Beckwith-Smith was born on 11 July 1890 at 24 Walton Street, Chelsea to stockbroker Beckwith Smith and Georgina Butler Moore. His education took in Warren Hill School at Eastbourne, Eton and Christ Church, Oxford. In 1910 he was commissioned into the Coldstream Guards. He served with the Guards throughout the First World War, eventually becoming a staff officer in the Guards Division. On 4 October 1914, whilst 1st Guards' Brigade was holding trenches opposite the German line at the River Aisne, Beckwith-Smith was ordered by Brigadier General Charles FitzClarence to carry out a nighttime raid against a German position known as 'Fish Hook Trench'. This was the first British trench raid of the First World War. Beckwith-Smith was still just a lieutenant at the time and the raid was considered to be a striking success. On the front of the 1/Coldstream, just east of the Troyon factory road, the Germans had run out a sap, and it was decided to fill it in. At 8 P.M. a platoon of the battalion, led by Beckwith-Smith, crossing the hundred yards of No Man's Land, rushed the trench with the bayonet. The award of the DSO was reported in the Edinburgh Gazette on 13 November 1914, Now a Captain, Beckwith-Smith was awarded the French Croix de Guerre in 1917. In the same year Captain Beckwith-Smith was awarded the Military Cross.
Between the wars
After the war Beckwith-Smith commanded the University Training Corp at Oxford University. While commanding the Officer Training Corp the university conferred an honorary MA on him. The Times recorded his appointment as 'Officer Commanding the Welsh Guards Regiment and Regimental District' from 1 October 1934. In his capacity as Lieutenant-Colonel commanding the Welsh Guards he participated in the Royal Procession at the 1936 Trooping the Colour and again the following year. He spent 14 months serving in India in command of the Lahore Brigade.
In early 1942, after many weeks at sea, Beckwith-Smith's division was landed at Singapore. Japanese forces invaded Singapore Island on 8 February. Because of the defensive strategy implemented by the Allied commander, Lieutenant General Arthur Percival, most of the British 18th Division saw little or no action. Percival surrendered all British and Commonwealth troops at Singapore on 15 February, including Beckwith-Smith and his division. He was reported just prior to capture as being 'quite undisturbed by the calamity, continuing his duties even when the roof of his headquarters was burning over his head.
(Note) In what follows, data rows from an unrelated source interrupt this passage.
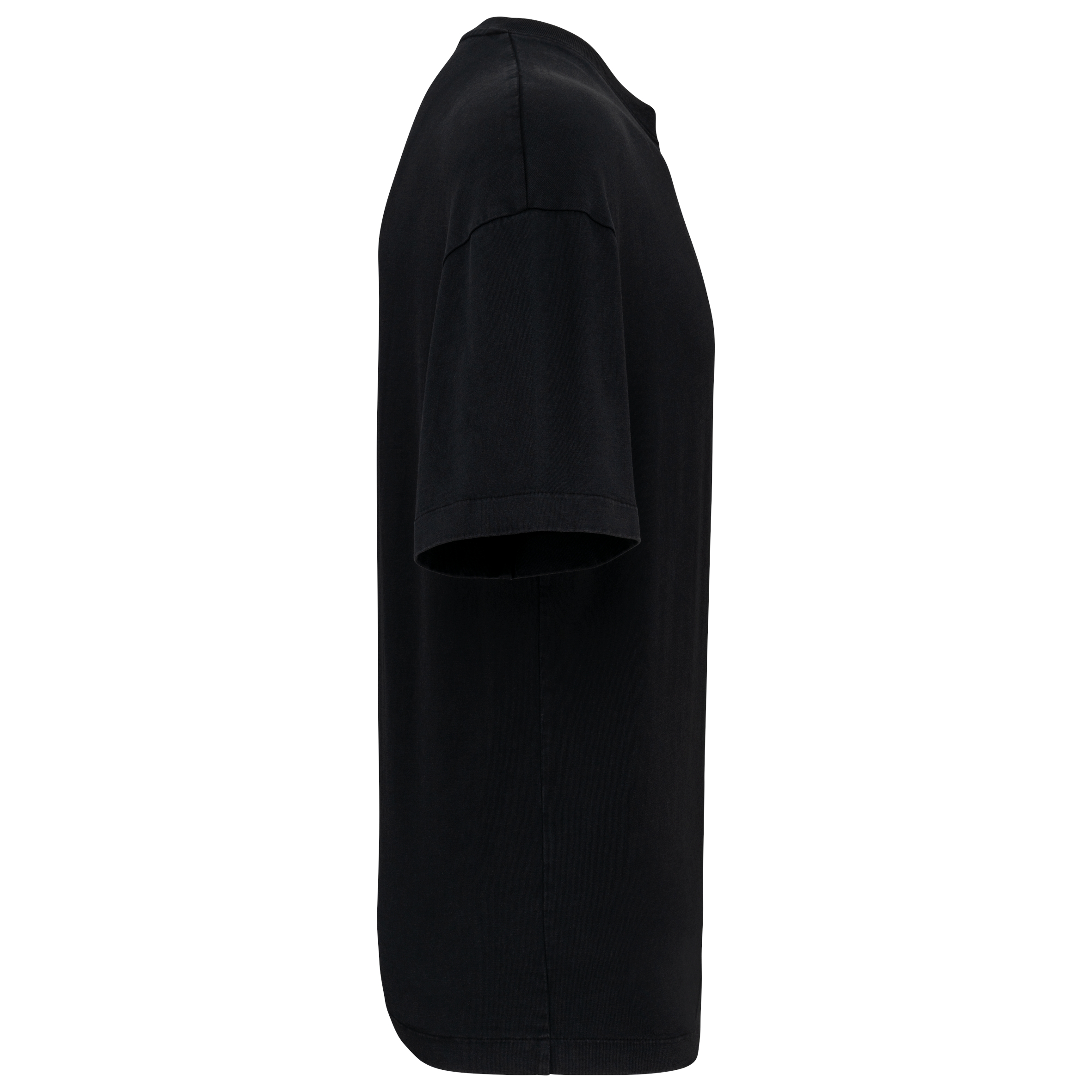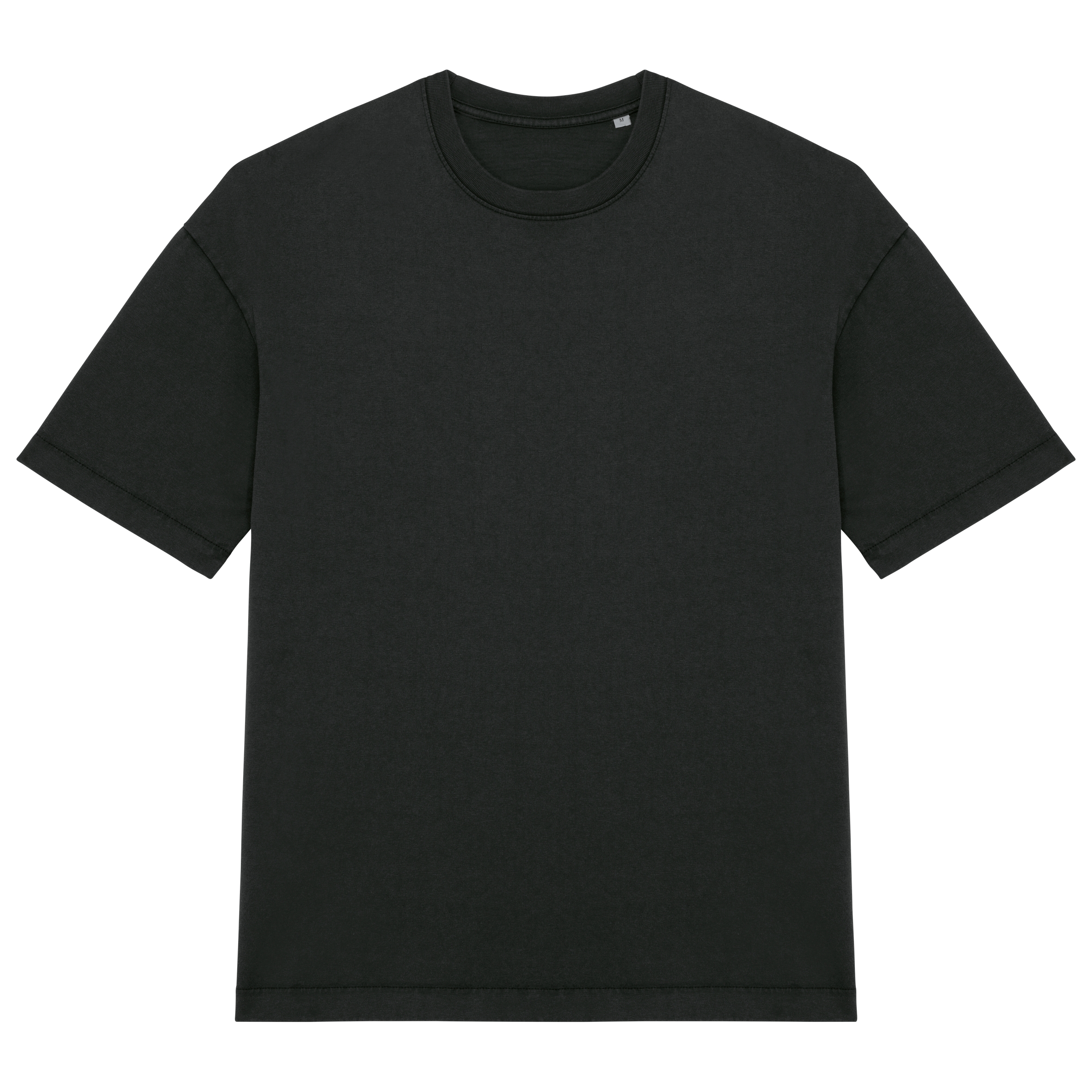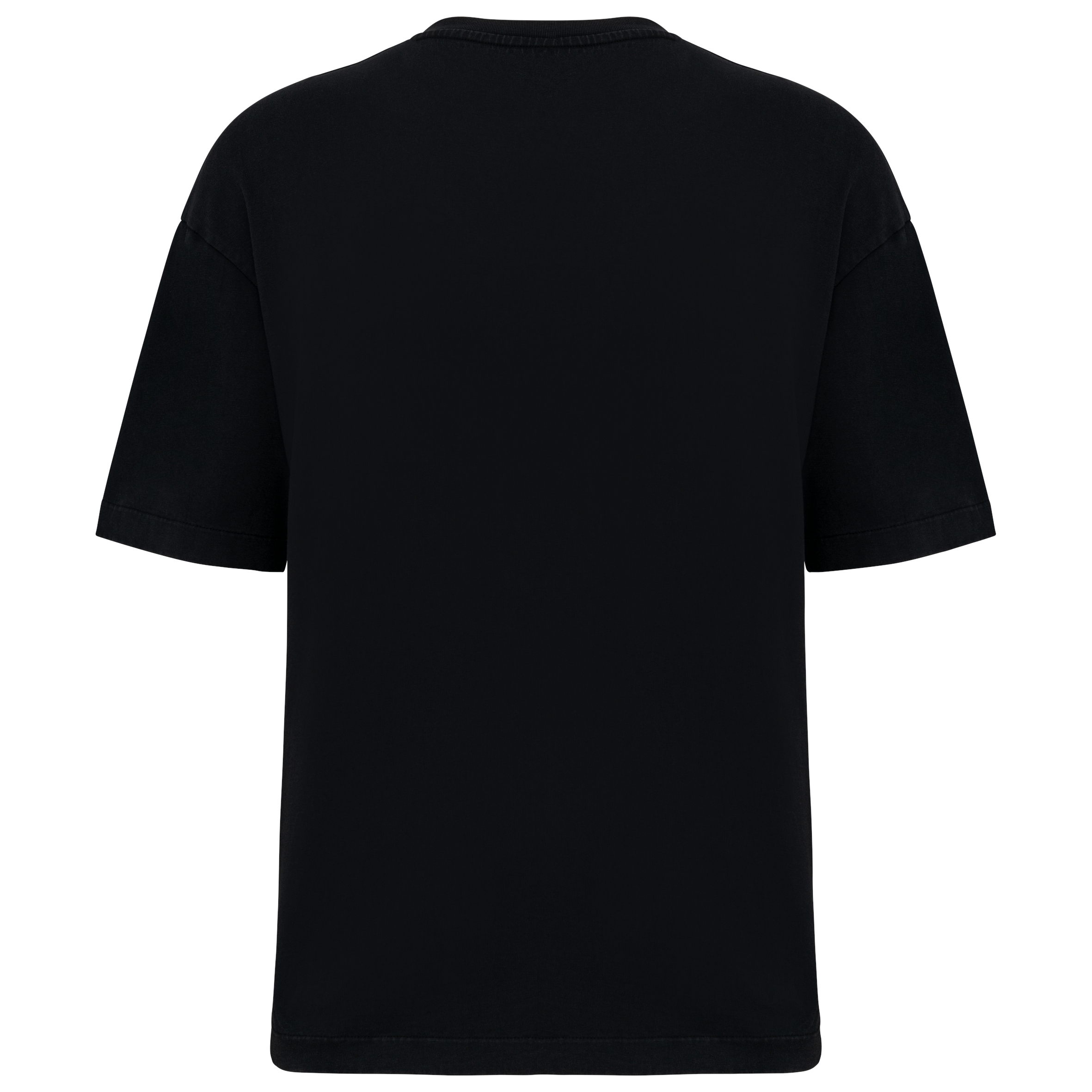 100% biokatoen. Jerseytricot. Gekaard katoen. Oversized model met afhangende schouders. Enzymgewassen. Zijnaden. 1×1 ribboord in de kraag. Ton-sur-ton nektape in de hoofdstof om de binnenkant van de kraag af te werken. Schouderversteviging. De mouwuiteinden en de zoom zijn afgewerkt met enkel stiksel. Kledingstuk geverfd na montage: de kleuren kunnen licht variëren van het ene tot het andere kledingstuk. Dit product kan kleur afgeven in contact met lichtere stoffen of kleding.
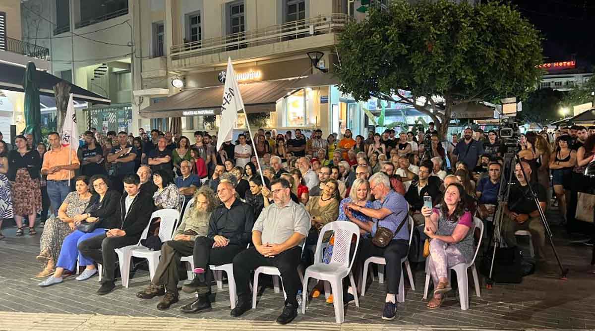 Στο Ηράκλειο πραγματοποιήθηκε προεκλογική εκδήλωση του ΜέΡΑ25 – Συμμαχία για τη Ρήξη παρουσία του Επικεφαλής, Γιάνη Βαρουφάκη και του υποψηφίου στην τελευταία θέση του ψηφοδελτίου Επικρατείας, Ψαραντώνη.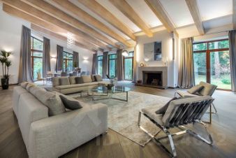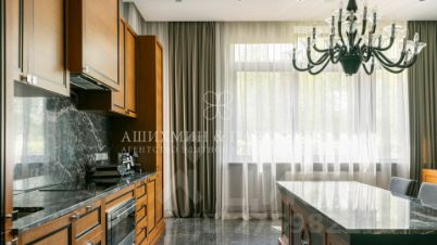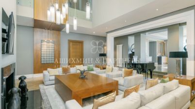 Лот 42657.Современный дом площадью 1176 м2 отличное жилье для солидных людей, имеющих большую семью. 5 спальни с вместительным гардеробными и санузлами, просторная гостиная, черно-белые ванные комнаты обеспечат всем домочадцам комфортную жизнь. Рядом находятся торгово-развлекательные заведения, супермаркеты, образовательный центр, рестораны и фитнес-залы, что позволяет вести за городом полноценную жизнь. Благоустроенная и безопасная территория Особняк расположен на участке в 29 соток в элитном коттеджном поселке Парквиль Жуковка, который находится в 10 км от МКАД и 20 минутах езды от столицы. Придомовая территория коттеджа в модерновом стиле декорирована молодыми елями и редкими деревьями, подстриженными кустарниками. Особенности дома: фасад здания отделан гранитной плиткой, что придает постройке дорогой и статусный вид,дом реализуется в стадии под ключ без мебели, поэтому владелец сможет выбрать и расставить ее на собственный вкус,для обслуживающего персонала предназначено отдельное помещение. Благодаря большим витражным окнам, террасе можно наслаждаться окружающей природой.1 этаж: бассейн, винная комната, гостиная, кинотеатр, кладовая, кухня - 2шт., массажный кабинет, постирочная, прихожая, санузел - 2шт., сауна, столовая, техническое помещение, холл2 этаж: гардеробная, санузел, спальня с гардеробной и санузлом - 5шт., терраса - 2шт.Элитный поселок ''Парквилль'', площадью 40 га, расположился на Рублево-Успенском шоссе Одинцовского района на берегу Москва реки, всего в 10 км от МКАД. Вмещает 57 домов и выгодно сочетается с живописными пейзажами и богатой растительностью.Присутствие аллей, фонтанов, извилистых дорожек, величественной триумфальной арки, установленной на въезде в поселок, придают ему больше красок. Культурно-исторические объекты, разместившиеся неподалеку ''Парквилль'', также делают комплекс популярным и востребованным.Чем удивит?Внешне это поселение напоминает уютные и респектабельные улицы Лондона. Обусловлено это английским стилем, в котором выполнены поместья и дворы. Присутствуют все необходимые условия для занятий спортом, ловли рыбы, прогулок по реке. Невозможно не упомянуть об оборудованном пляже и причале для водного транспорта. Семьи с детьми будут приятно удивлены великолепными детскими площадками.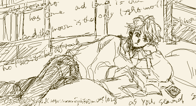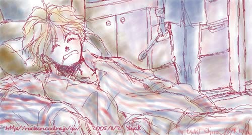■だらだら絵 「壊れたタブレットの台と壊れたタブペンを使って描く(笑) 案外描けるものらしい 2005年12月06日(火)GW妄想語りより 後ろの消しゴム使って描いた奴(笑) きいているのは、すたんどばいみー。 |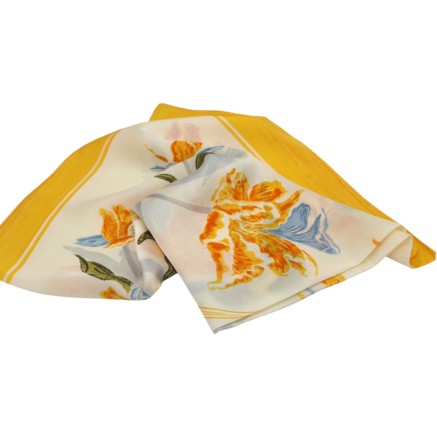 Skarelė su geltonu kraštu ir gėlėmis, 70×70 cm (poliesteris)
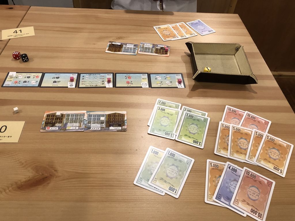 2人でプレイした感想ですが、手持ちのお金カードを見れば、相手の手持ちのお金が分かるので、まさしくガチガチのアブストラクトゲームになります。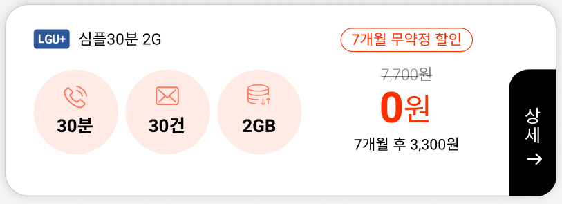 - LGU9+ l 심플 30분 2G ㅣ 통화 30분, 문자 30건, 데이터 2GB

Prior to his being sent to Formosa in August 1942, Beckwith-Smith sent a message to his men: On 11 November 1942 Merton Beckwith-Smith died at Karenko Camp of diphtheria as a prisoner of war. A report in The Times reported that the official Japanese news agency said Colonel Robert Hoffman of the US Army was with him, along with other British generals, when he died. In 1946 the Imperial War Graves Commission exhumed all the Taiwan prisoner of war remains and reburied them in the Sai Wan War Cemetery in Hong Kong. Many years later his grave was identified by Jack Edwards on the request of Diana, Princess of Wales.
Personal life
Beckwith-Smith married Honor Dorothy Leigh on 14 March 1918 at St. George’s Church, Hanover Square in London. He lived at The Manor House, Stratton Audley and Aberarder, Inverness. He had four children: Peter, Rosemary, Sarah and John. His grandchildren include the British racehorse trainer Nicky Henderson, and Anne Beckwith-Smith, Princess Diana's Lady-in-Waiting.